Il y a de la récréation et de la recréation qui se joue là-dedans, notamment au sein des jeunes générations qui arrivent à communiquer avec cinq personnes à la fois tout en jouant à un jeu vidéo et en faisant leurs devoirs en même temps. Les générations plus âgées sont incapables de faire cela.

D’un point de vue empirique, il semblerait que le smiley soit de plus en plus utilisé dans les mails professionnels. Comment l’interprétez-vous ?

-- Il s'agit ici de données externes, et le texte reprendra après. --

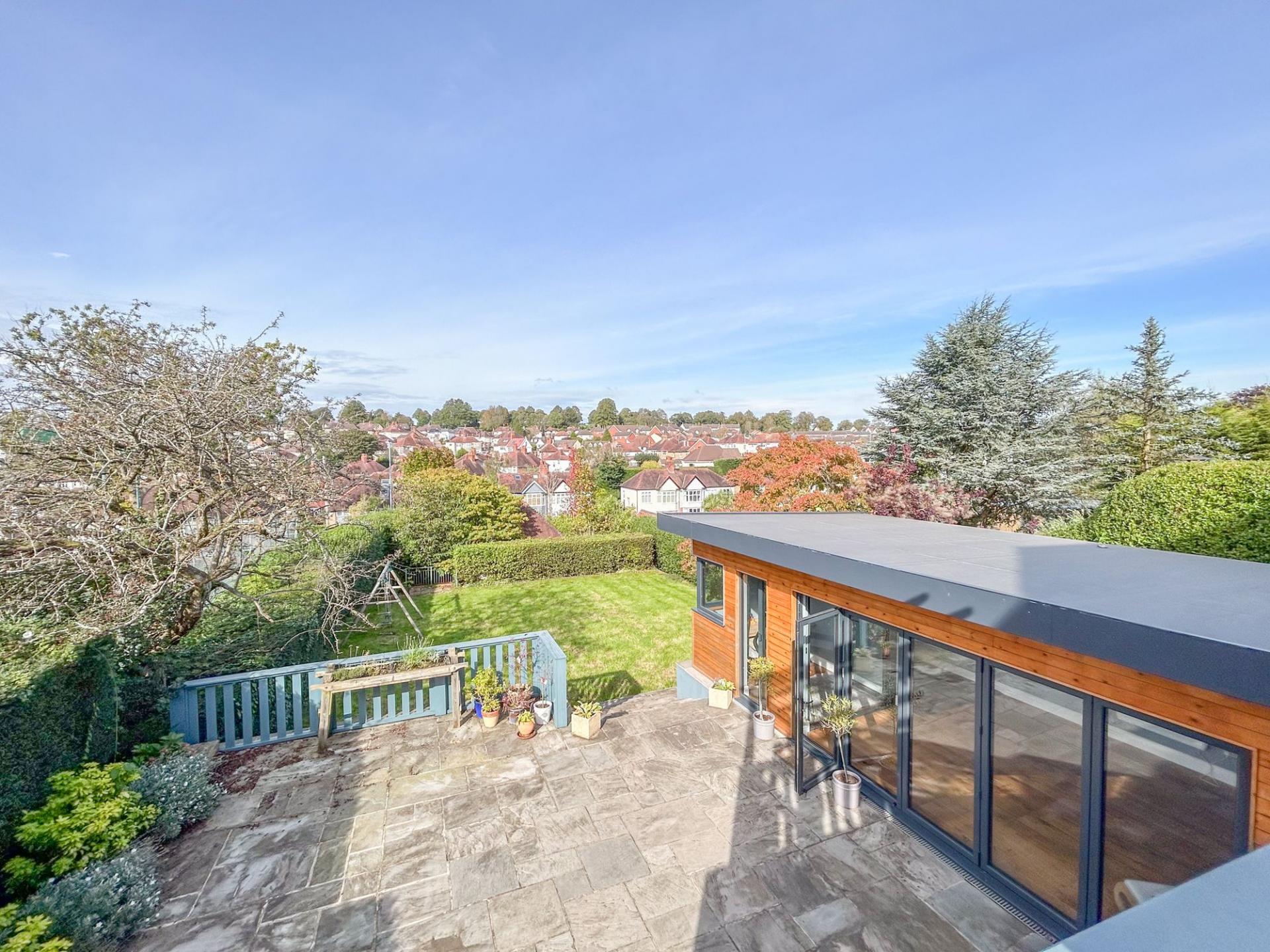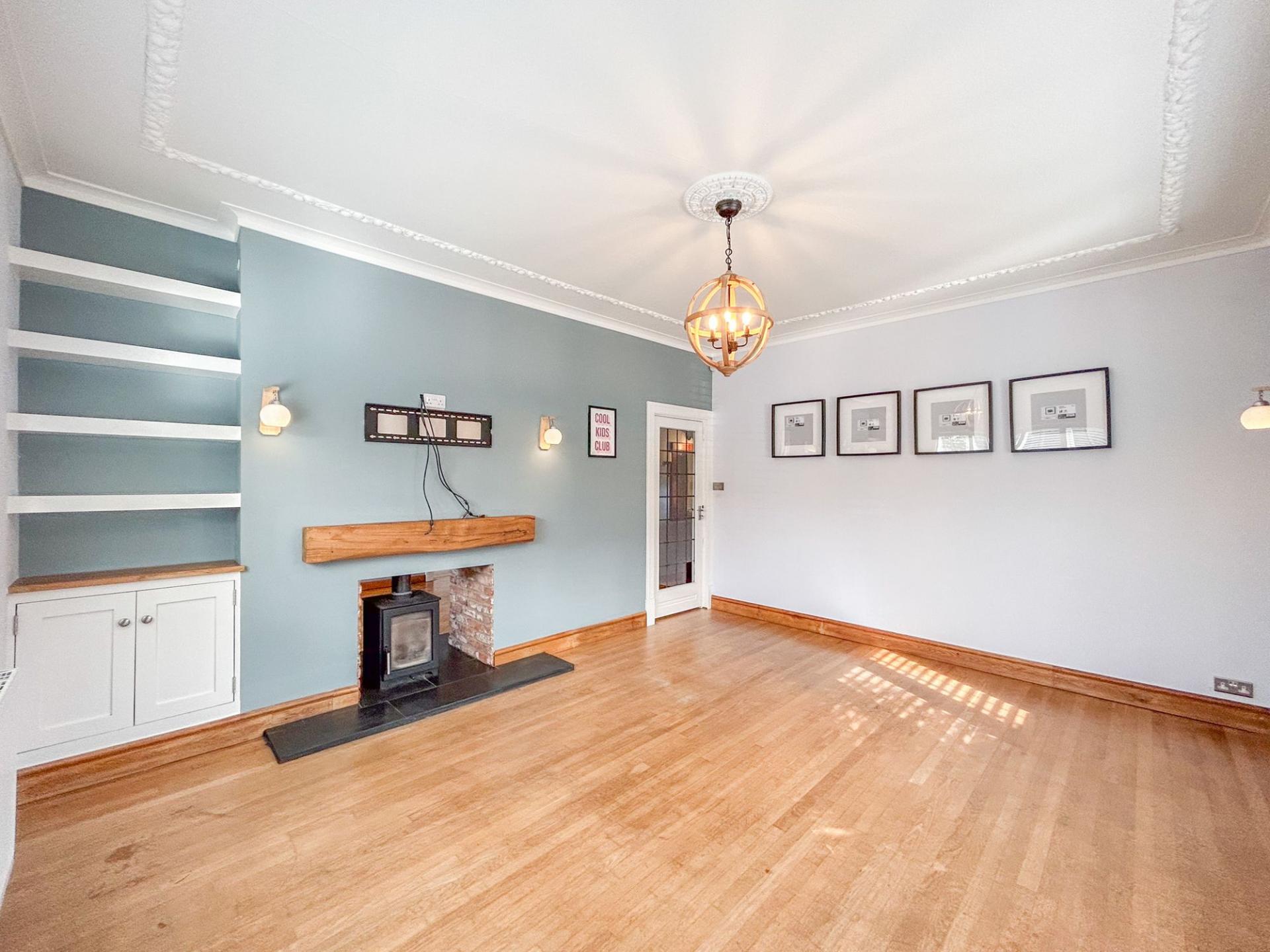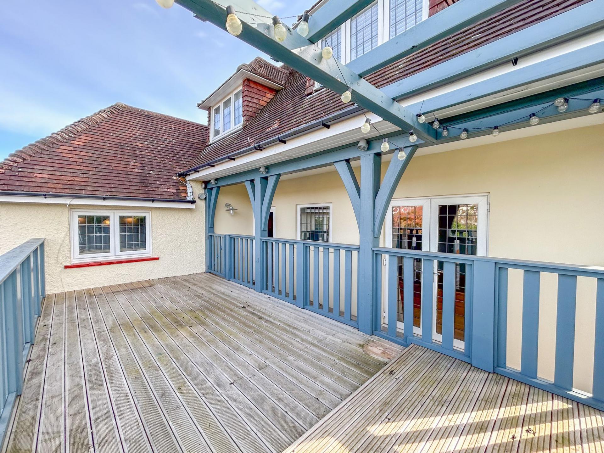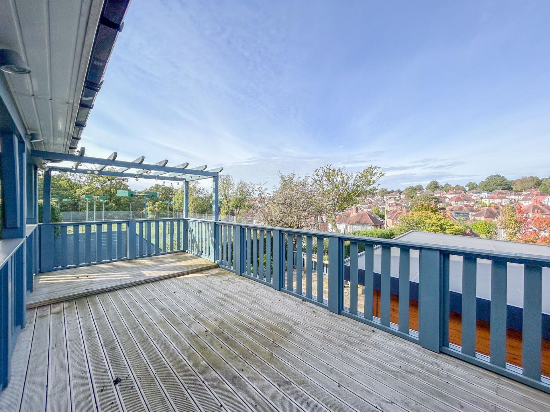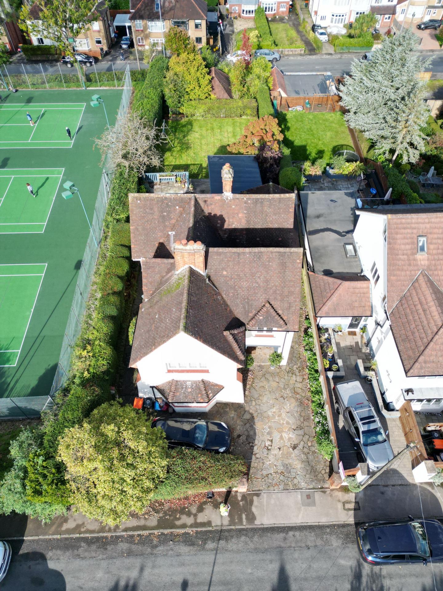 With character throughout, the property is well-proportioned with ample living space for family living and entertaining, with expansive lawned gardens and a double garage at the rear. A driveway to the fore allows the property to accommodate several vehicles. Welcomed into a spacious hallway, period features can be found throughout, with ornate ceiling mouldings, coving and parquet flooring, while modern elements tastefully juxtapose the original features, with new lattice windows complimenting the original style and a dual log burning fire. There are two large bay-aspect reception rooms to the ground floor, which could both be living rooms or one a dining room, while the kitchen also offers space for a breakfast table. The kitchen benefits from light blue shaker style wall and base units with a red Aga at the heart. There are a range of features to include a dual Belfast sink, central island and a wine cooler. From the kitchen, the garden can be accessed, which offers a large decking area, providing superb views overlooking the tennis courts. Below, there is a patio area, where the outbuilding can be found, offering space for a home office and gym. Beyond, there is an extensive lawn, minimally overlooked and providing access to the double garage. There is a useful utility room from the kitchen and a convenient cloakroom from the hallway.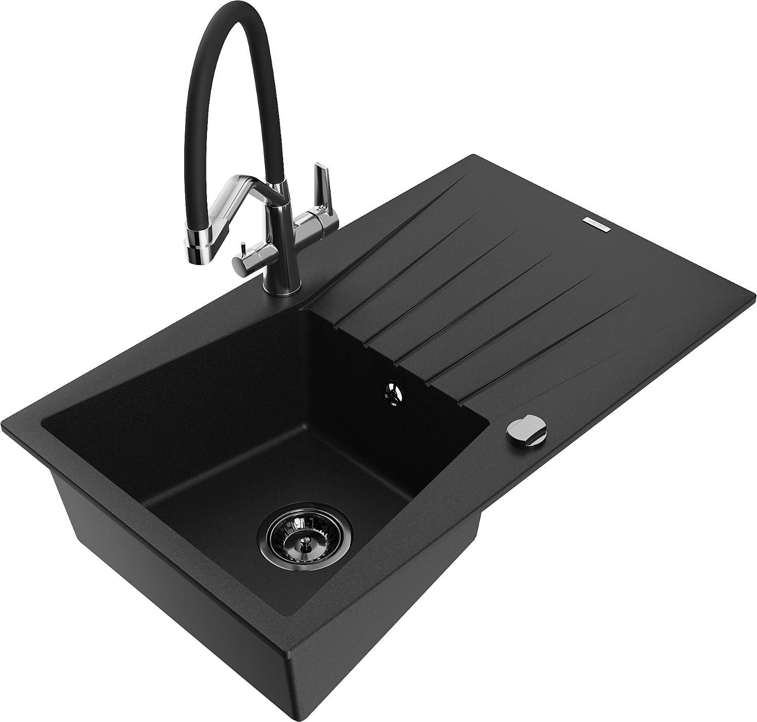 Mexen Cesar lavello in granito a 1 vasca con scolapiatti e miscelatore Duo, nero - 6514-77-671701-07-B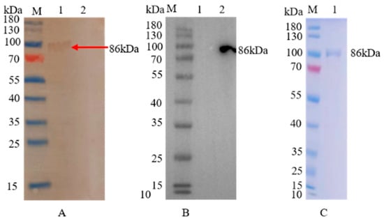 Following digestion, ligation and sequencing, the rBacmid-ORF2 was transfected into Sf9 cells to rescue rBV-ORF2. Western blotting results showed that a target band of 86 kDa was found, but no band could be detected for the empty vector, indicating that the rCap was successfully expressed and the expressed band had a superior immunoreaction with mouse anti-ORF2 polyclonal antibodies and mouse anti-flag monoclonal antibodies (Figure 2A,B). Anti-flag affinity gel was applied to purify the Flag-tagged rBV-ORF2, and a single band was detected by SDS-PAGE (Figure 2C), and the purity is 97%. The concentration of rCap estimated using a BCA protein quantification kit (Vazyme, Nanjing, China) was 0.27 mg/mL.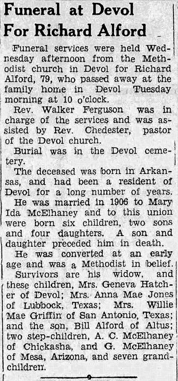 See the obituaries of his wife, Daisye Bailey Alford; and son Garland Bailey Alford in this compilation. We included the obituaries of his father, John Rankin Alford; and half-siblings Etta Ora Alford Nance, John Addison Alford, and Laura Elizabeth Alford Cox in Texas Obituaries.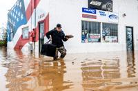 Dekoda Cruz waded in knee-deep muddy water to check on a friend's flooded tire business, where the office was littered with a jumble of furniture and bobbing tires.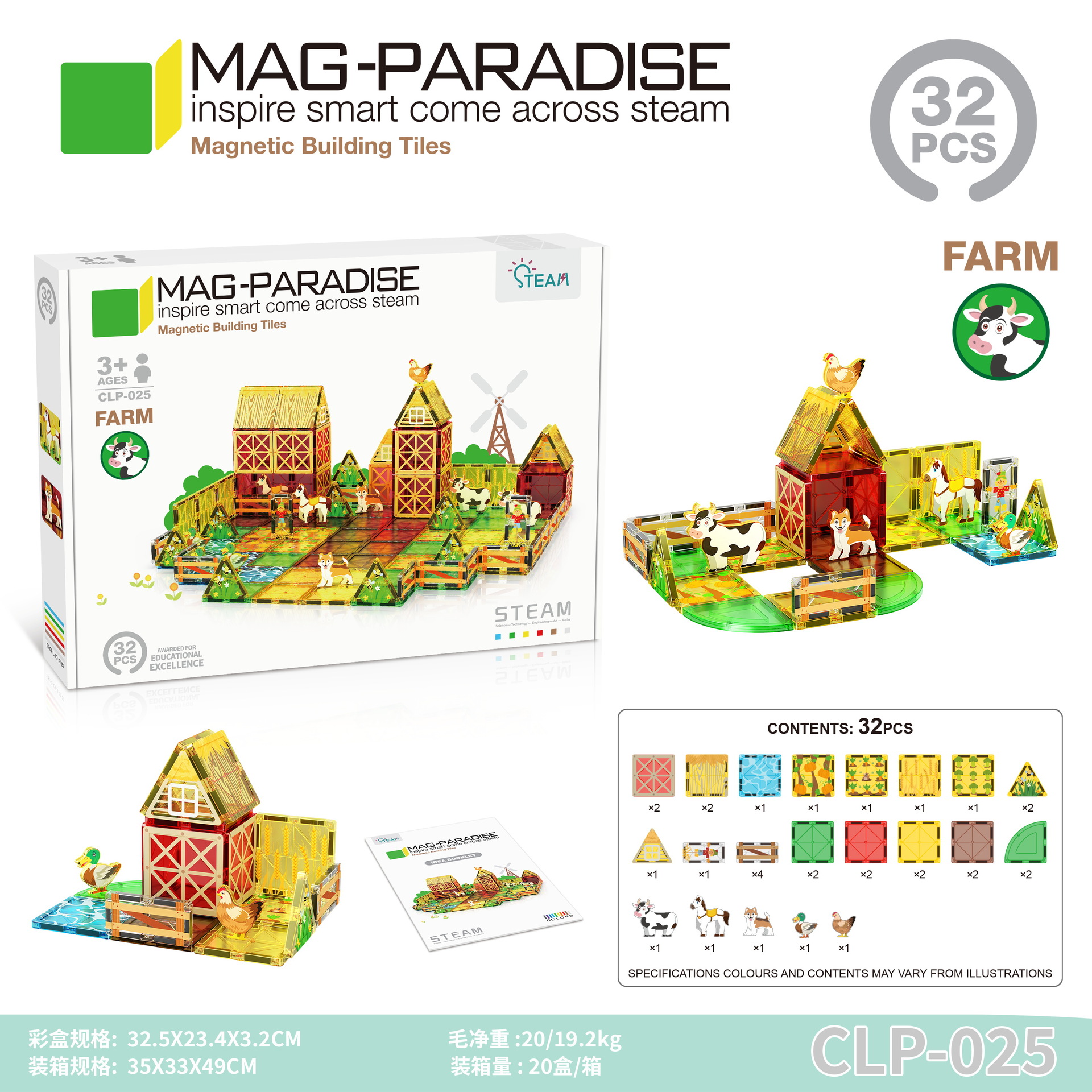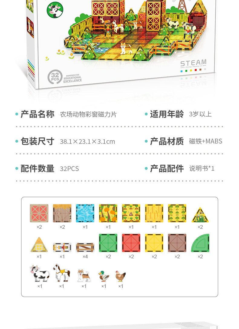 • 025 농장 동물 장면 자석 시트-32pcs [색상 상자]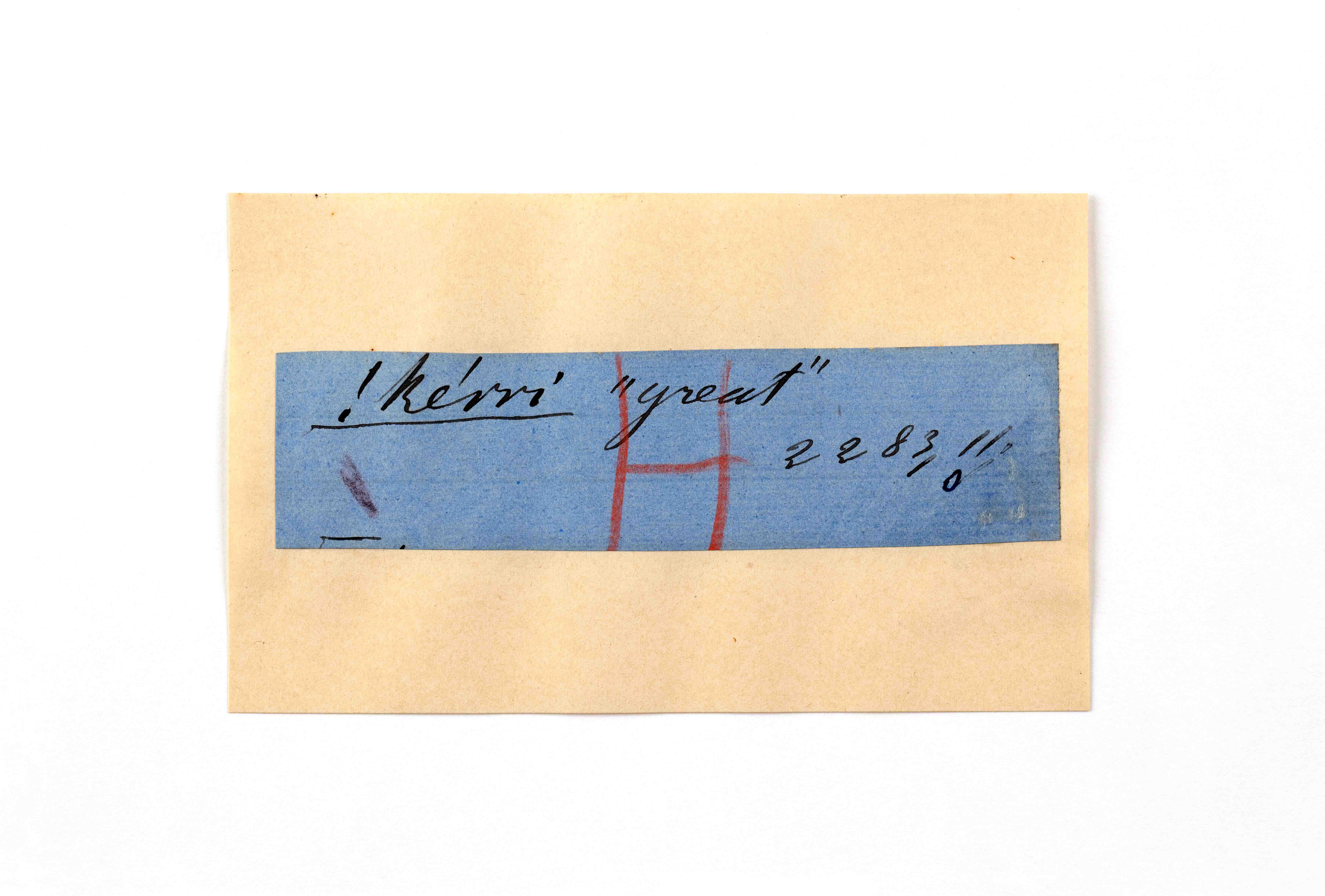 ink on blue paper glued on card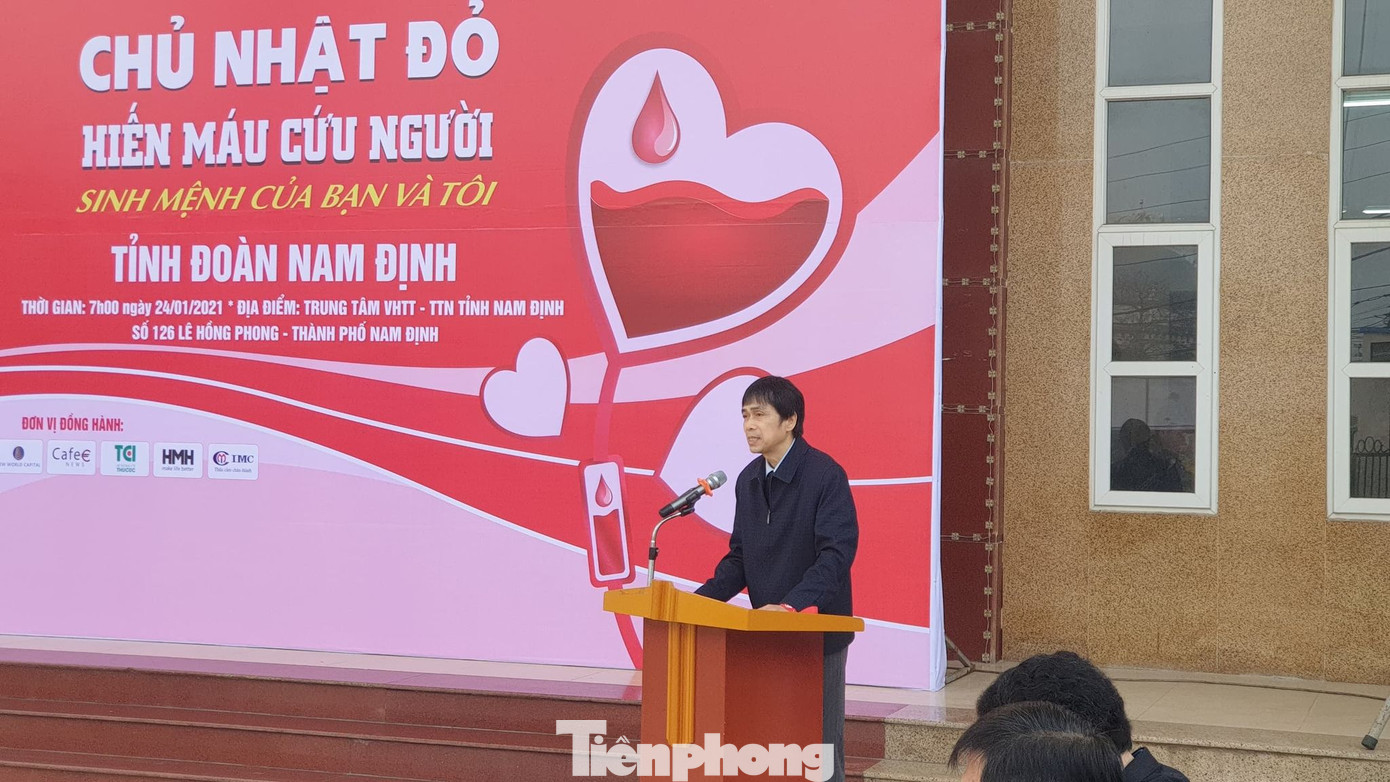 Uỷ viên Ban Biên tập Báo Tiền Phong - ông Nguyễn Huy Lộc phát biểu và thăm hỏi, cảm ơn những người tham gia hiến máu tại chương trình Chủ nhật Đỏ Nam Định - Ảnh: Hoàng Long Cũng theo ông Nguyễn Huy Lộc, chương trình Chủ nhật Đỏ khởi động từ năm 2009, đến nay đã trở thành sự kiện có quy mô toàn quốc góp phần khắc phục tình trạng khan hiếm máu dịp Tết Nguyên đán. Chương trình Chủ nhật Đỏ lần thứ XIII - năm 2021 có sự tham gia của 43 tỉnh thành phố ở cả ba miền Bắc - Trung - Nam; dự kiến tiếp nhận hơn 50 nghìn đơn vị máu. Tính hết ngày 20/1, chương trình đã diễn ra tại 23 tỉnh thành với 45 điểm hiến máu, tiếp nhận gần 36,2 nghìn đơn vị máu, vượt gần 5,8 nghìn đơn vị máu so với dự kiến.

Auparavant, le travail et le politique étaient les moteurs de la société. Désormais, c’est l’inverse : ce sont les rapports sociétaux de base qui développent des formes culturelles, qui se propagent ensuite dans les sphères du travail ou du politique. Le smiley est donc l’un des éléments du feu sacré du quotidien.

On constate ainsi que le travail et le politique essayent de résister, de survivre malgré leur obsolescence en martyrisant les formes de communication sensibles issues du réseau numérique.

Le smiley serait donc le symbole du combat qui oppose Internet au pouvoir politique ?

Absolument. Mais ce n’est pas un combat révolutionnaire. Ce combat se joue sur un mode ludique, sur le mode de la fête. Ce n’est pas une guerre. Internet est alternatif au pouvoir politique, bien-sûr. Mais son but n’est pas de s’opposer à celui-ci. Il s’agit d’un monde qui n’a pas besoin de s’opposer au système pour exister, mais dessine des formes d’autonomie douées de mythes, dieux et émotions propres, ainsi que de ses propres formes de pouvoir.

Pensez-vous que dans le futur les smileys soient utilisés comme des mots dans la littérature ?

Je le pense. Nous nous trouvons actuellement qu’au début d’un phénomène. La culture devrait de plus en plus intégrer les sens et le corps. On devrait bientôt voir l’inversion entre le verbe et la chair. Dans la Bible, le verbe vient en premier. Dans notre société contemporaine, c’est la chair !

Les futuristes et les dadaïstes avaient d’ailleurs déjà commencé à développer ce genre d’écriture qui dépasse l’aspect rigide de l’alphabet.